Dans les conditions prévues à l’article 38 de la Constitution, le gouvernement est habilité à créer par ordonnance une « Banque de la démocratie » pour que les candidats, partis et groupements politiques puissent à compter de novembre 2018, « en cas de défaillance avérée du marché », financer les campagnes électorales nationales et européennes, via des prêts, avances ou garanties. L’article 30 de la loi ordinaire indique que le dispositif retenu pourra notamment prendre la forme d’une structure dédiée dont l’ordonnance précisera « les règles de fonctionnement, dans des conditions garantissant à la fois l’impartialité des décisions prises (…) et la viabilité financière (…) ».

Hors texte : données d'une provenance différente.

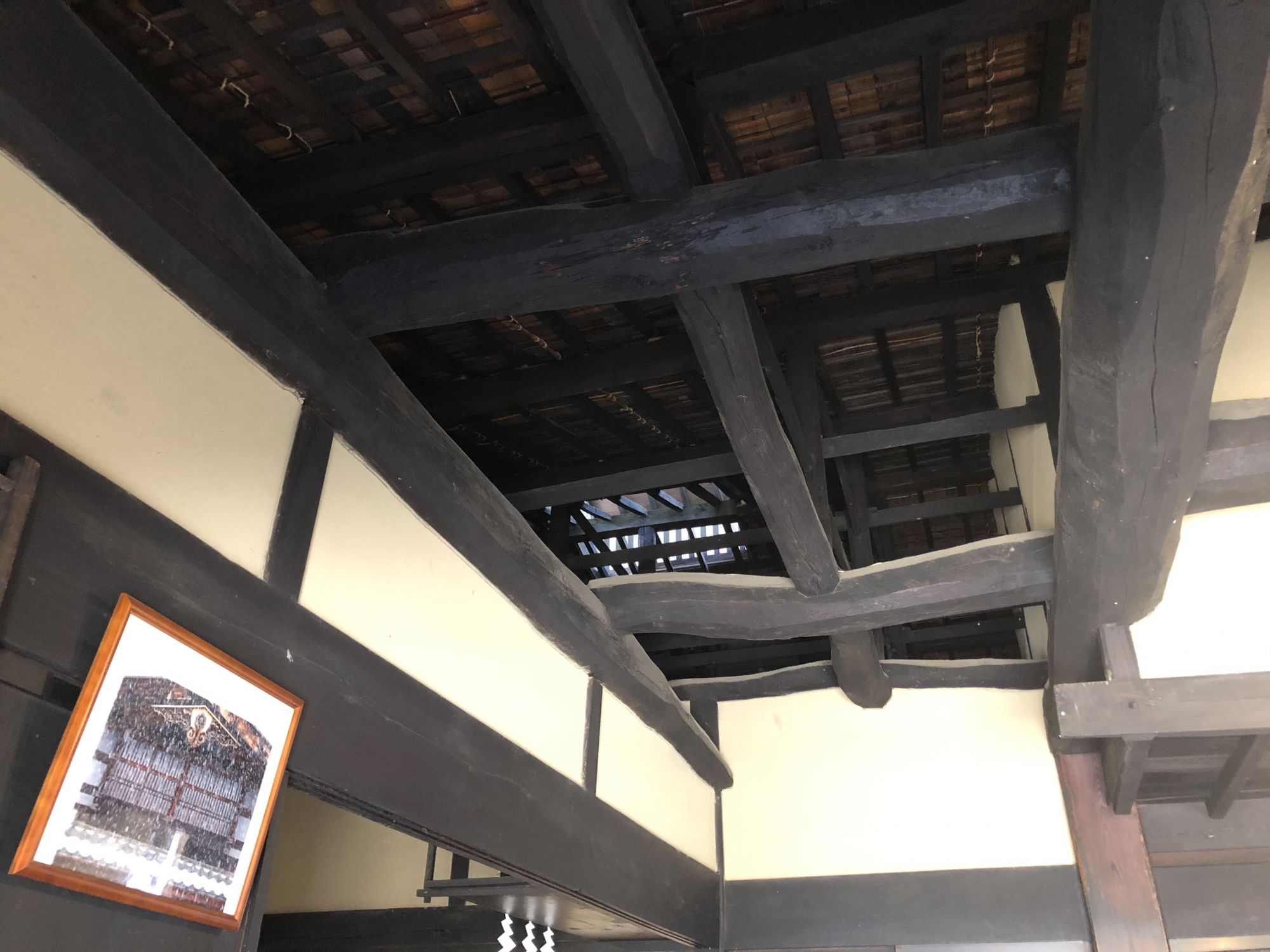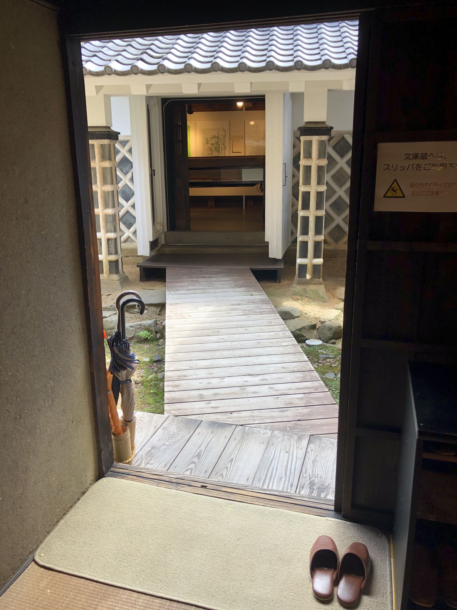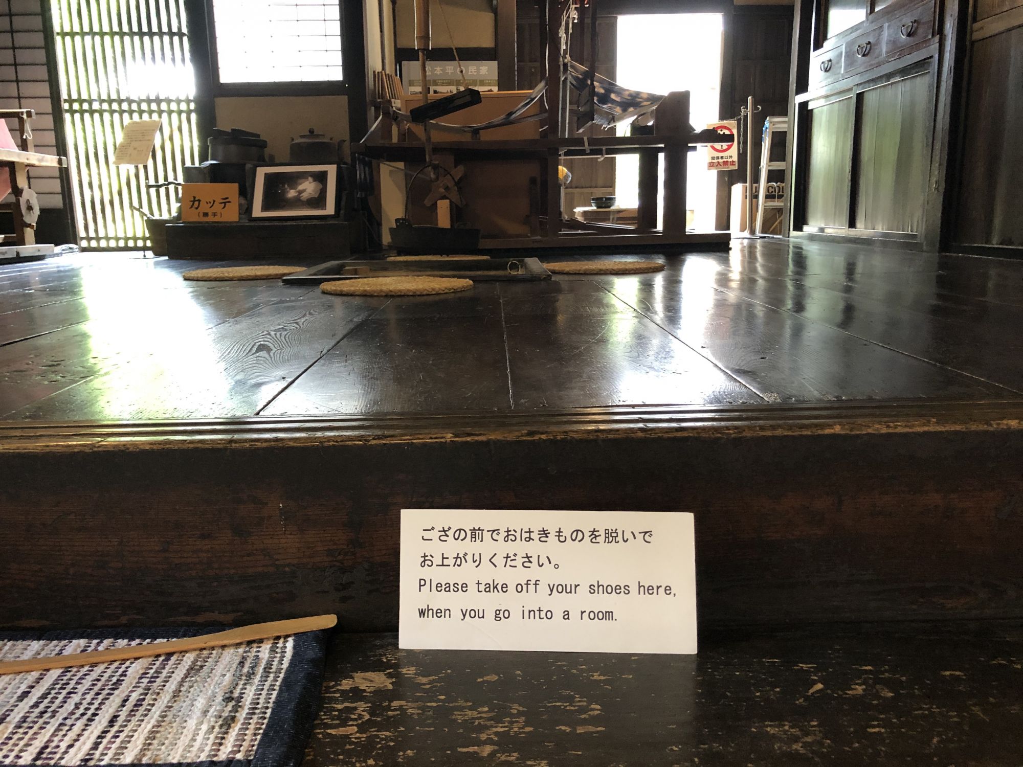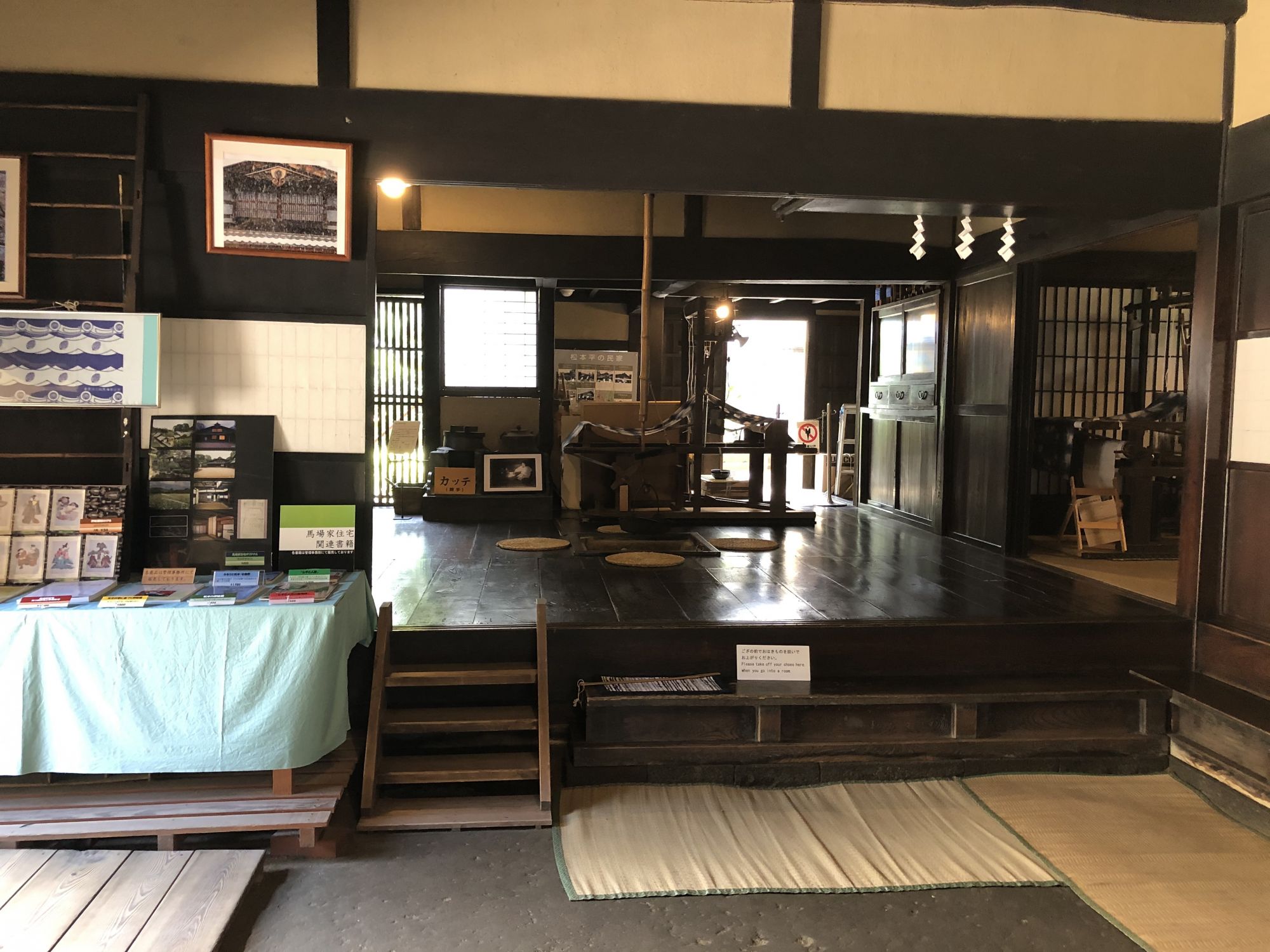 การเยี่ยมชมภายในบ้านจะต้องถอดรองเท้าไว้ที่พื้นดิน ห้ามถอดบนเสื่อทาทามินะคะ ที่หอเก็บเอกสารได้จัดแสดงกระเบื้องมุงหลังคาและไม้ประดับบริเวณปั้นลม กระเป๋าเดินทางของเจ้าของบ้านรุ่นที่ 15 ซึ่งดำรงตำแหน่งเป็นเจ้าหน้าที่การทูตในยุคเมจิ หากจะไปที่หอเก็บเอกสาร ซึ่งเป็นอาคารผนังสีขาวที่อยู่ใกล้ๆตัวบ้านจะต้องสวมรองเท้าแตะที่ถูกเตรียมไว้ที่ชั้นวางรองเท้า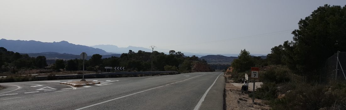 Meine Strecke auf diesem Plateau pendelt zwischen 500 und etwa 650 Meter über Meer hin und her bevor ich die Region Valencia verlasse und neu in die Region Murcia hineinfahre.

En conclusion, il apparaît que cette réforme s’inscrit dans la lignée des différentes lois visant à restaurer la confiance entre les citoyens et leurs élus qui ont été adoptées ces dernières années18. Malgré certaines limites19, elle est de nature à améliorer la transparence de la vie politique.

Notes de bas de pages

  • 1.
    Le Parlement a définitivement adopté le projet de loi ordinaire le 3 août 2017. Il a définitivement adopté le projet de loi organique le 9 août 2017. La loi organique n° 2017-1338 du 15 septembre 2017 pour la confiance dans la vie politique et la loi n° 2017-1339 du 15 septembre 2017 pour la confiance dans la vie politique ont été publiées au JO du 16 septembre 2017.
  • 2.
    Il s’agit du déontologue de l’Assemblée nationale et du comité de déontologie parlementaire du Sénat.
  • 3.
    Ord. n° 58-1100, 17 nov. 1958, art. 8 quater.
  • 4.
    L. n° 84-53, 26 janv. 1984, portant dispositions statutaires relatives à la fonction publique territoriale, art. 110.
  • 5.
    Cons. const., communiqué de presse, 8 sept. 2015.
  • 6.
    V. Lemaire E., « La réserve parlementaire sous l’angle du droit constitutionnel », Jus Politicum, n° 17.
  • 7.
    Ce faisant, le Conseil reste fidèle à sa jurisprudence qui applique strictement le principe de la séparation des pouvoirs lorsqu’il s’agit de distinguer les prérogatives des assemblées de celles du gouvernement (v. Mathieu C., « La séparation des pouvoirs dans la jurisprudence du Conseil constitutionnel », thèse, Montpellier, 2015).
  • 8.
    « Au sens de la présente loi, constitue un conflit d’intérêts toute situation d’interférence entre un intérêt public et des intérêts publics ou privés qui est de nature à influencer ou à paraître influencer l’exercice indépendant, impartial et objectif d’une fonction » (L. n° 2013-907, 11 oct. 2013, art. 2).
  • 9.
    https://transparency-france.org/loi-retablissant-la-confiance-dans-laction-publique.
  • 10.
    Ord. n° 58-1100, 17 nov. 1958, art. 4 quater.
  • 11.
    C. élect., art. LO 135-1.
  • 12.
    C. élect., art. LO 136-4.
  • 13.
    L. n° 77-729, 7 juill. 1977, relative à l’élection des représentants au Parlement européen, art. 5-3.
  • 14.
    L. n° 2013-907, 11 oct. 2013, relative à la transparence de la vie publique, art. 8-1.
  • 15.
    Étude d’impact du projet de loi, 14 juin 2017, p. 78.
  • 16.
    L. n° 88-227, 11 mars 1988, art. 11-1.
  • 17.
    V. rapp. AN nos 105 et 106, 20 juill. 2017, p. 264.
  • 18.
    C’est le cas notamment des lois organique et ordinaire du 11 octobre 2013 relatives à la transparence de la vie publique, de la loi du 6 décembre 2013 relative à la lutte contre la fraude fiscale et la grande délinquance économique et financière, et de la loi du 9 décembre 2016 relative à la transparence, à la lutte contre la corruption et à la modernisation de la vie économique.
  • 19.
    Ainsi, par exemple, le maintien du « verrou de Bercy », c’est-à-dire du monopole du ministère du Budget en matière de poursuites pénales pour fraude fiscale, a été contesté. L’Assemblée nationale a rejeté un amendement proposant une levée partielle du « verrou de Bercy » qui avait été adopté à l’unanimité par le Sénat ; un amendement conforme à une recommandation de la Cour des comptes, laquelle a estimé en 2013 que « cette situation est aujourd’hui préjudiciable à l’efficacité de la lutte contre la fraude fiscale ».